La cantante anunció que ahora es dueña de los masters de sus discos y videoclips, poniendo fin a una larga batalla con la industria musical.

Taylor Swift finalmente recuperó el control total de su música. En un emotivo mensaje dirigido a sus fans, la cantante confirmó que ahora es propietaria de los masters de sus seis primeros álbumes, además de sus videoclips, películas de conciertos, arte gráfico y canciones inéditas.
“Todo lo que he hecho ahora me pertenece”, escribió Swift en una carta publicada en su sitio web oficial. “He estado llorando de alegría desde que supe que esto realmente está sucediendo”.

El conflicto se remonta a 2019, cuando Scooter Braun compró el sello Big Machine y se adueñó de los derechos de sus discos: Taylor Swift (2006), Fearless (2008), Speak Now (2010), Red (2012), 1989 (2014) y Reputation (2017). La artista denunció que nunca se le permitió adquirir directamente sus grabaciones y describió el acuerdo como una “pesadilla”.

La situación se agravó cuando Braun vendió su participación en el catálogo a Shamrock Capital, pero aún conservaba beneficios económicos. Swift decidió entonces regrabar sus álbumes para recuperar el control artístico y económico, bajo el sello Taylor’s Version.
Ahora, Shamrock Capital accedió a venderle sus masters de forma directa y sin condiciones, gesto que la artista describió como “honesto, justo y respetuoso”. Aunque no se reveló la cifra oficial, Swift aclaró que se trató de un precio “justo y razonable”.
Con esta compra, la cantante completó el objetivo inicial de sus regrabaciones.

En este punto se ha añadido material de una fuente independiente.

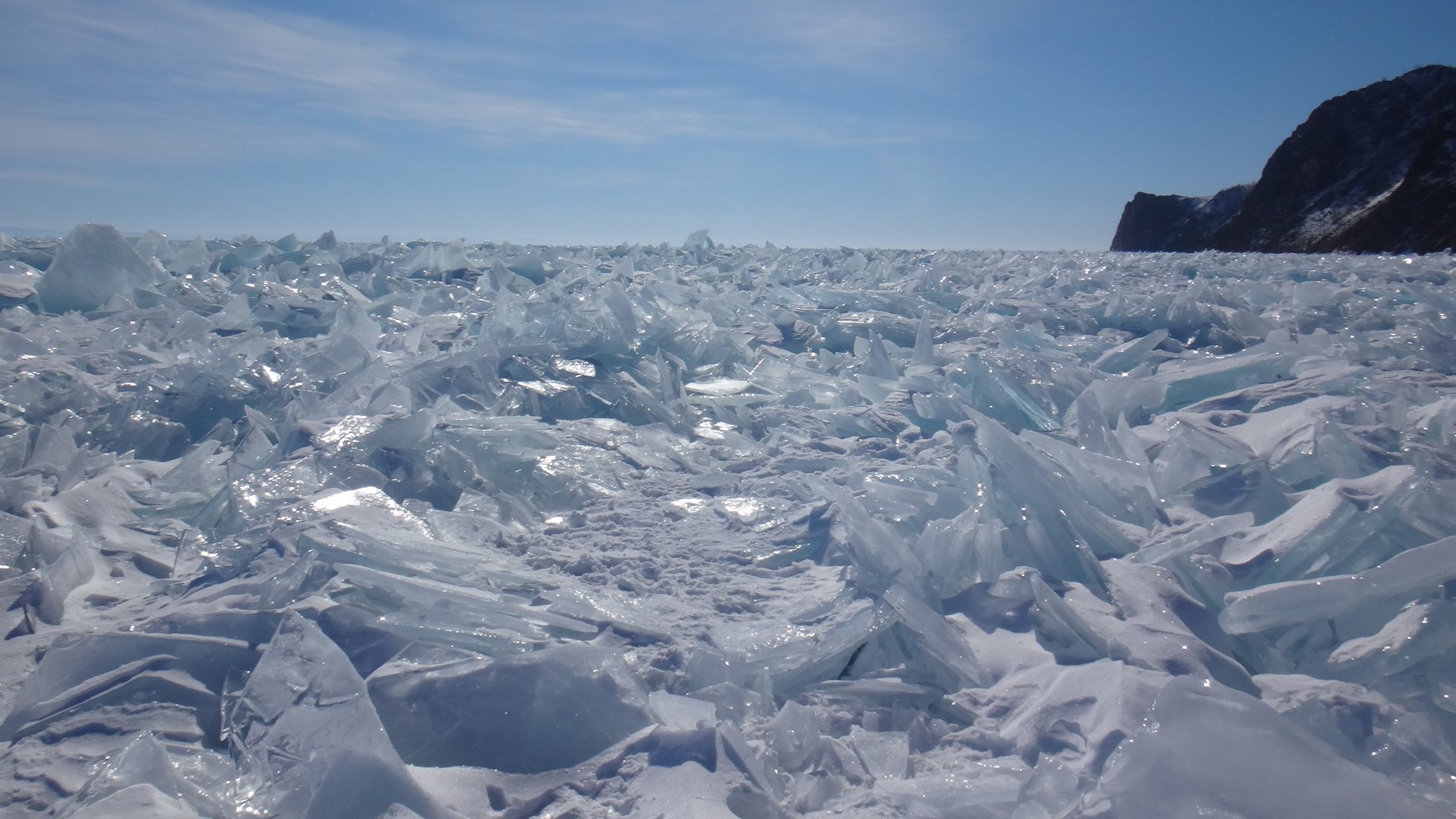 Поход по льду вдоль острова Ольхон и западного берега Байкала до мыса Крестовский.

Sin embargo, aún quedan dos álbumes pendientes de relanzamiento: Taylor Swift y Reputation. Sobre este último, Swift confesó que le cuesta conceptualizarlo, pero dejó abierta la posibilidad de lanzar sus canciones inéditas si los fans lo desean.

Con esta nueva etapa, Swift se libera definitivamente de la disputa que marcó buena parte de su carrera y celebra su independencia artística.